“NEG is dead” without emissions target, says ACT

Photo by veeterzy on Unsplash

The ACT has slammed the Turnbull government’s “complete capitulation” on the emissions reduction pillar of the National Energy Guarantee, saying it has killed off any hope the much maligned policy will do anything to address climate change – and any chance it might win the approval of the states.

As we report here, the federal government announced it would not attempt to legislate an emissions target to underpin the NEG, a policy designed specifically to weave action on climate change into the fabric of the national energy market.

At the same time, the Prime Minster, Treasurer Scott Morrison and energy minister Josh Frydenberg assured they would continue to push down power prices – an effort they would reinforce through the adoption of the recommendations from the Australian Competition and Consumer Commission review.

But those promises failed to distract from the fact that a policy that was supposed to unite climate and energy policy, and to cross party lines, could not even be agreed on by the Liberals – just as the states and territories last week predicted, when they deferred their deliberations to after the Coalition party room vote.

“The NEG is dead,” said ACT minister for climate and energy Shane Rattenbury, in a scathing statement released early Monday afternoon.

“It was hailed as a policy to address the ‘trilemma’ of prices, reliability and emissions reduction. Instead, federal energy policy is being determined by the worst, climate change denying elements of the Liberal Party,” he said.

“The federal government has now completely capitulated on emissions and climate change, and abandoned the Paris Climate Change commitments.Energy consumers will continue to pay for the federal government’s policy chaos.”

Rattenbury also said that while the ACT supported some of the ACCC’s recommendations – including the underwriting of new generation capacity – the federal government would need to ensure they were implemented as intended, in the interests of consumers.

“We fear that these recommendations are likely to be instead warped into expensive subsidies for polluting, uneconomical coal – guided as Mr Turnbull is, by extreme views on coal and climate change,” he said.

And he reiterated that, while the government claimed to be singularly focused on cutting power prices, taking action on climate change, and supporting the roll-out of more renewable energy, were some of the best ways to drive down the cost of electricity.

Elsewhere, renewable energy industry lobby group the Smart Energy Council called on voters to “choose sides” in Australia’s ongoing energy policy war, and show their support for renewables and the environment.

“Today is such a significant day…. it is the day the government walked away from any climate change policy, and any support for the renewable energy industry,” said Wayne Smith, the manager of government relations at the SEC.

Speaking as part of a SEC webinar on Monday morning, former Clean Energy Finance Corporation CEO Oliver Yates said it was “totally unacceptable” to have government policy that ignored the science on climate change.

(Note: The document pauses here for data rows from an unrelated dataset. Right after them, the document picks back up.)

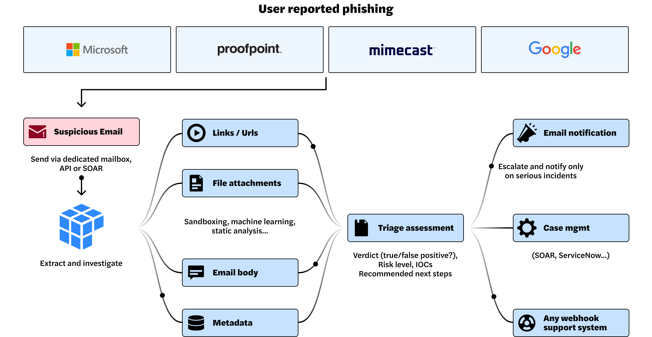 to integrate to your phishing inbox via SOAR, built-in plugins for Office 365 and Proofpoint, or with a simple forwarding rule.
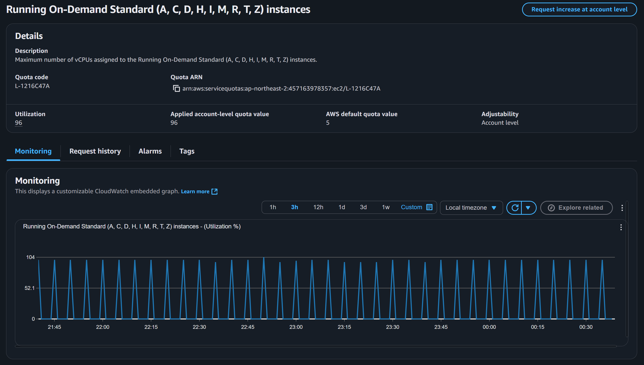 Service Quotas에서 Running On-Demand Standard instances 할당량을 256 vCPU로 상향 신청.
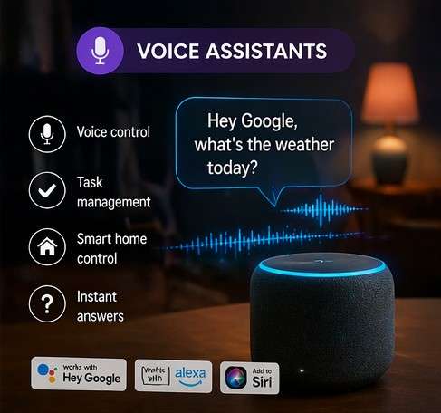 These devices use AI to automate daily routines, such as adjusting lighting or temperature based on user habits. Over time, they become more personalized and efficient in responding to user needs.

“What we wanted to do was end up with the lowest (electricity) prices possible given the emissions constraint.

“But even (a reduction of 2 per cent in a decade) was too much for the LNP… We have to deal with these people who deny the need to balance our obligations to the environment and our obligations to achieve the lowest price,” Yates said.

“Addressing emissions is nothing more than paying for insurance. Ignoring it is only going to lead to enormous loss in the future.”

As for what this would do to energy market investment, Yates added, that was a “disaster.”

“For investors, we’re looking at an environment that is completely unknown as of today,” he said. “For every asset class – whether you’re in coal, gas or renewables right now, you wouldn’t know what to make of this.

“This is a government that had no intention of addressing emissions… We’ve now gone from the energy trilemma, back to the energy dilemma, because the government refuses to believe in emissions, in climate change.

“(Victorian energy minister) Lily D’Ambrosio was exactly right about Canberra not being able to get their act together,” Yates said.

“This is the complete capitulation to the far right of Australian politics,” said SEC chief John Grimes. “These are the people who want to lock in coal, they want to lock out renewables, they don’t want to make the transition.

“We could be in election mode very quickly. It’s absolutely in the realm of possibility,” he said.

Speaking as part of the same SEC webinar, Melbourne University’s Simon Holmes à Court said this latest development showed that the future of energy in Australia was now all back within the realm of politics.

What was required, he said, was a wholesale change in political messaging.

“In a carbon constrained world, Australia wins,” he said. “We’re the Saudi Arabia of renewable energy, we’ve got it all.

“That message of hope, rather than fear, has got to get through.”